OK, that's just like, your opinion, man. It's a common argument because it's a good argument. It absolutely adds something to the discussion, because it shows how our acceptance of alcohol is just a fluke of chemistry. Did I not explain why it was a huge part of society? It's easy to make, every human society has access to it, it's fun, and it allows you to be social. Other drugs are fun and let you be social too, they just haven't been as accessible as alcohol. It is ignorant and hypocritical to celebrate alcohol consumption while frowning upon the recreational use of other, safer drugs like marijuana. I can't figure what the point is you're trying to make here. Maybe you want to rewrite it?it ignores the reasons that alcohol is a huge part of society.
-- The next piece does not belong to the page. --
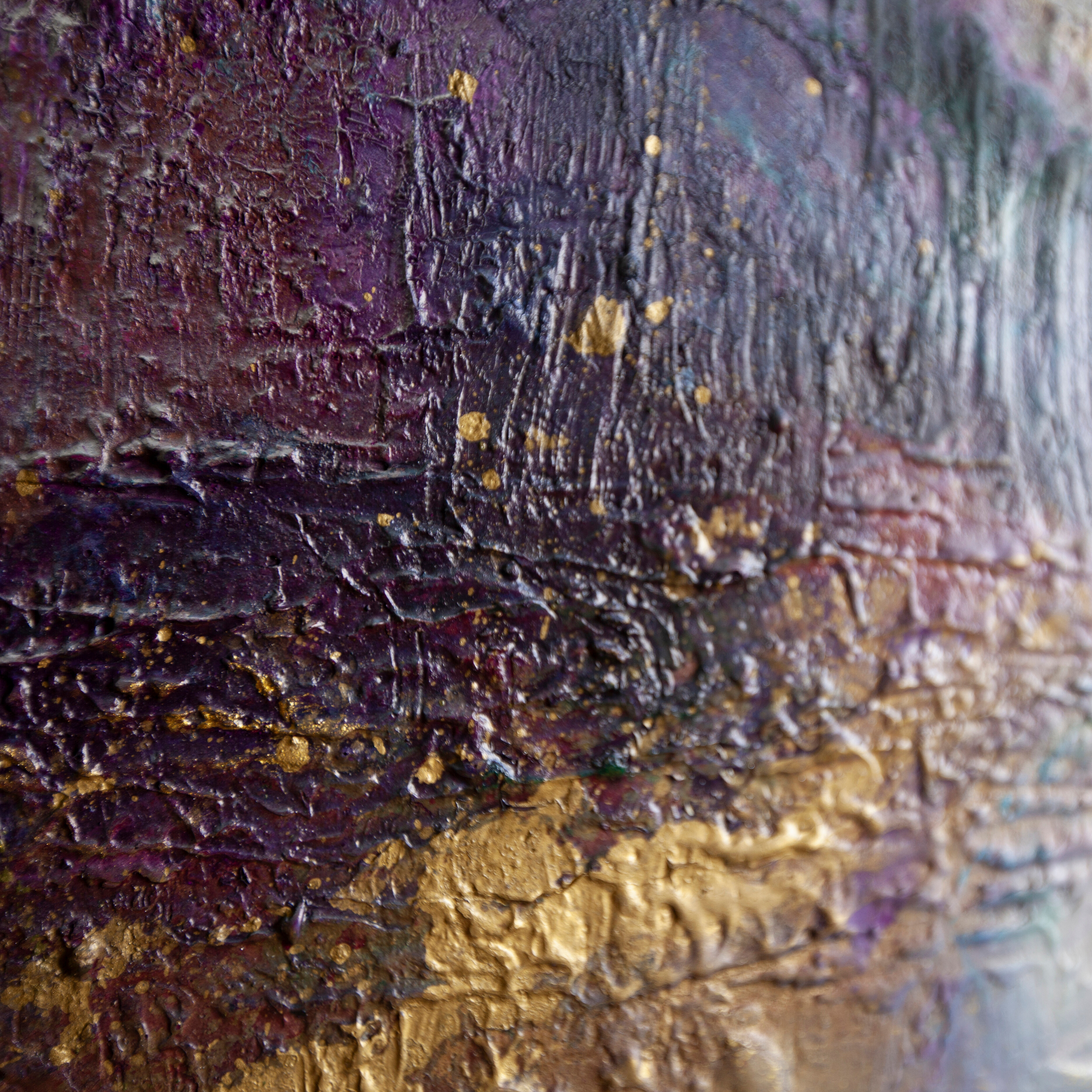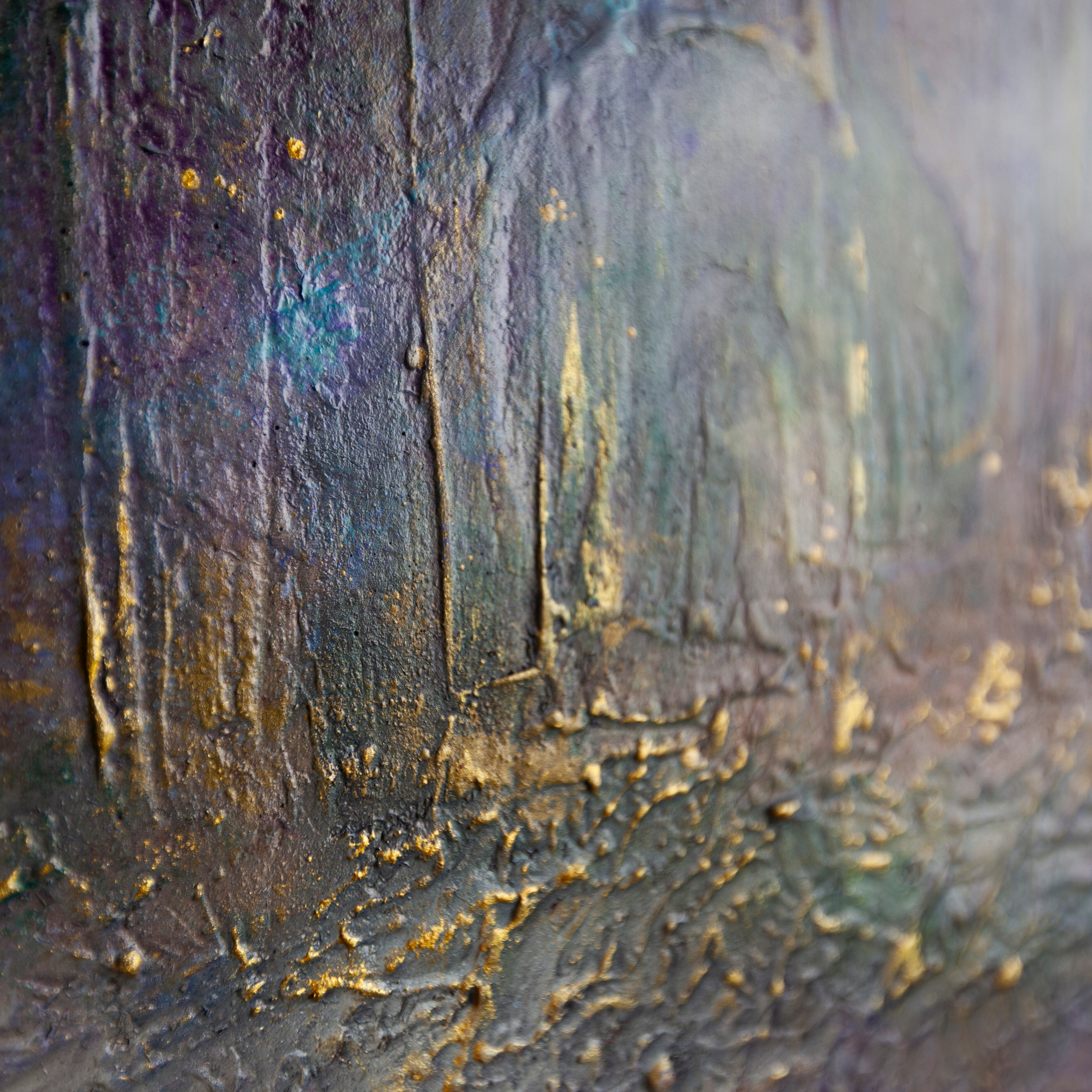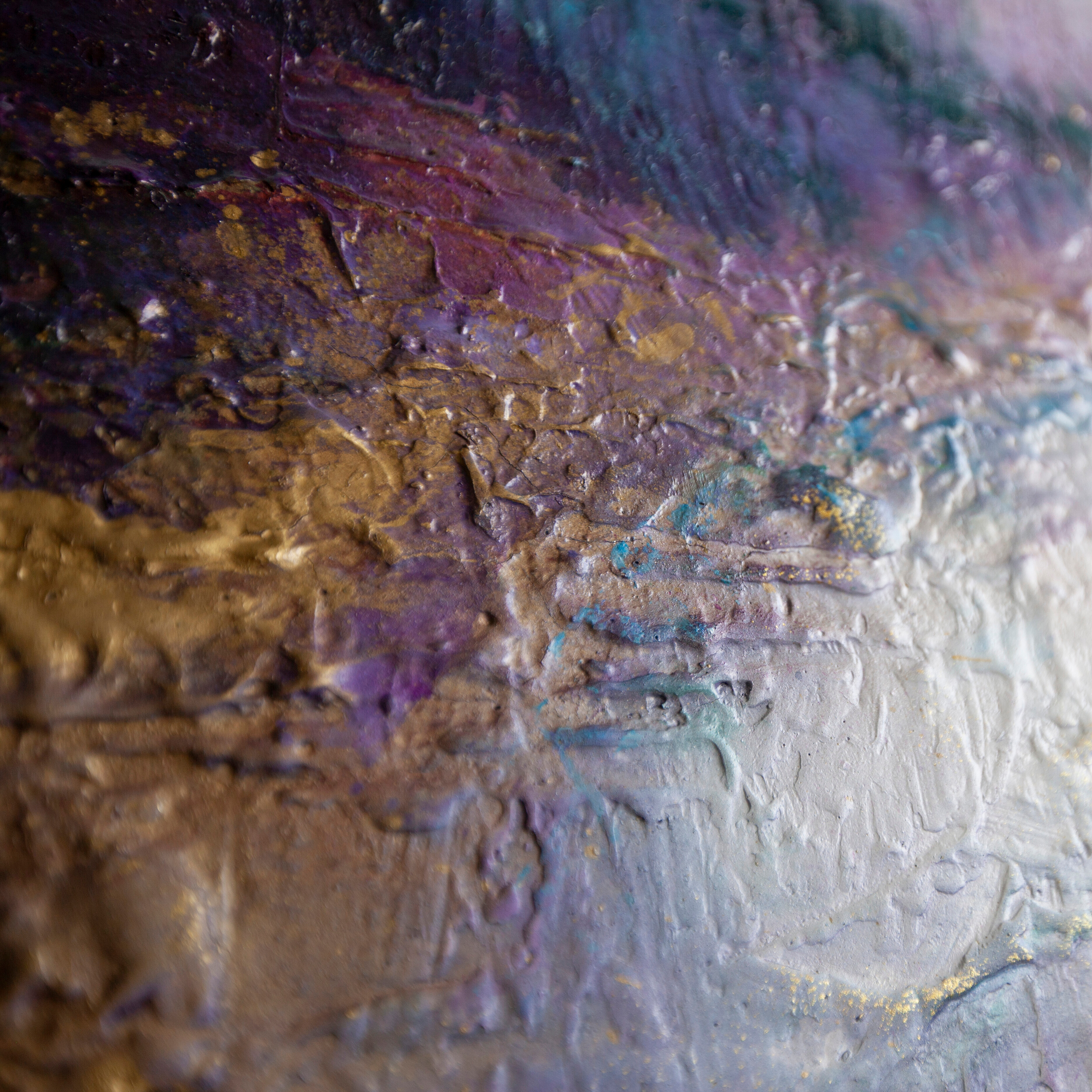 Obraz abstrakcyjny wykonany techniką mixed media - akryl, pasta strukturalna oraz pyłki UV i złoty spray. Obraz jest zabezpieczony werniksem satynowym. Boki obrazu zamalowane w tonacji obrazu. Obraz sprzedawany jest bez ramy.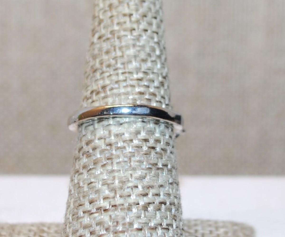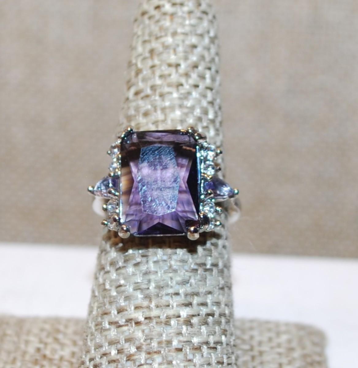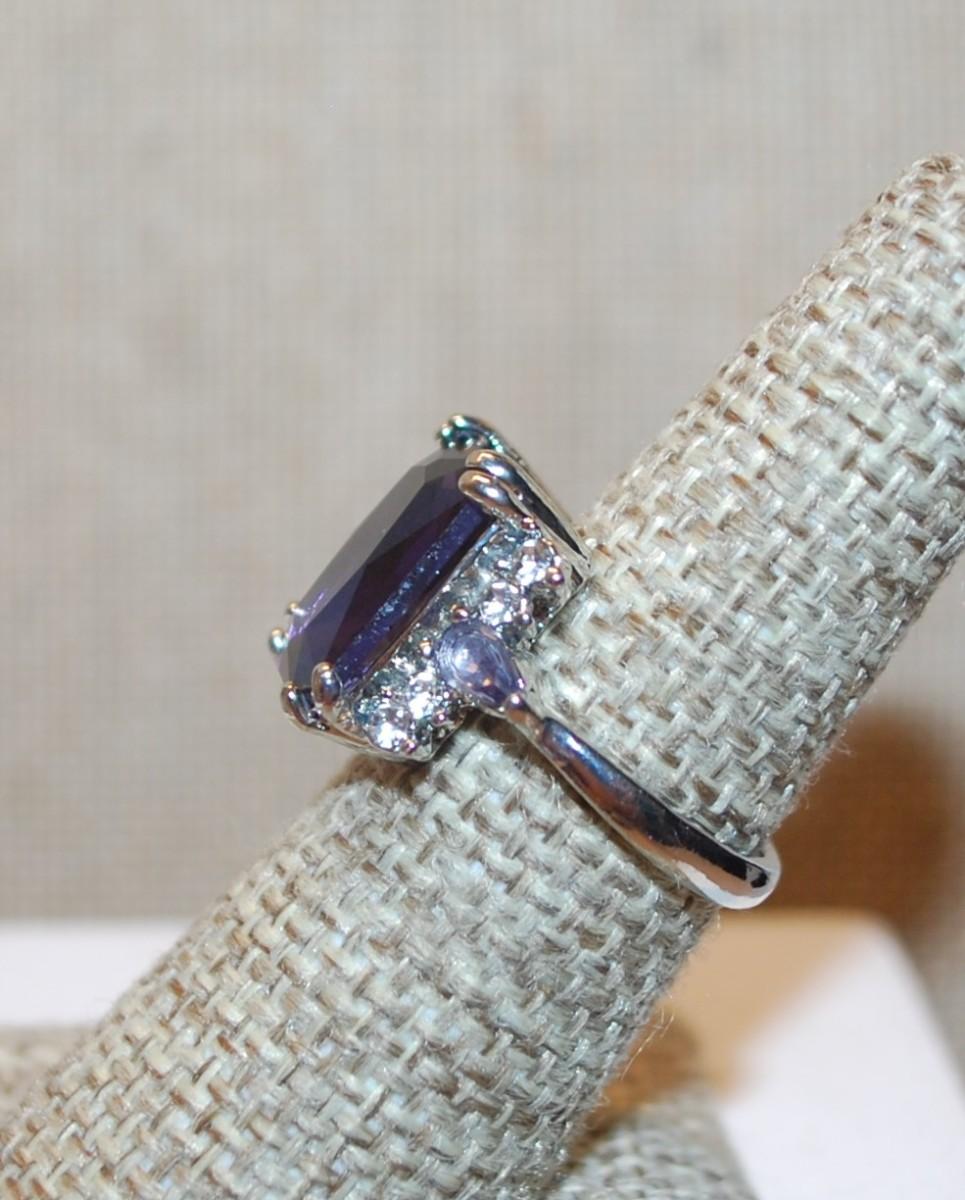 Size 6¾ Large Purple Emerald Cut Stone Ring with Vertical Accents Rows on a Silver Tone Band (5.5g)

Starting from a point of "This is how things are" allows you to explain why that shouldn't be the case instead of the equivalent of pointing at a kid in the cafeteria and whining that he has two ice creams and you don't have any.
I think the problem is that he wasn't necessarily defending it because of its traditional value. I think what he was trying to get across is that it is a relevant part of the issue, and one that was completely ignored by the article. I don't think it was pro-alcohol or anything, but a criticism of the argument itself. That was just my interpretation of the argument though, i don't want to be putting words in the tacocat's mouth.
You basically just compared buying a beer to slavery. You are part of the reason I don't talk about drugs on the Internet. I'm glad you're clever enough to find a rhetoric flaw with a statement by someone who probably agrees with you but I will continue to dread an orange hubwheel today.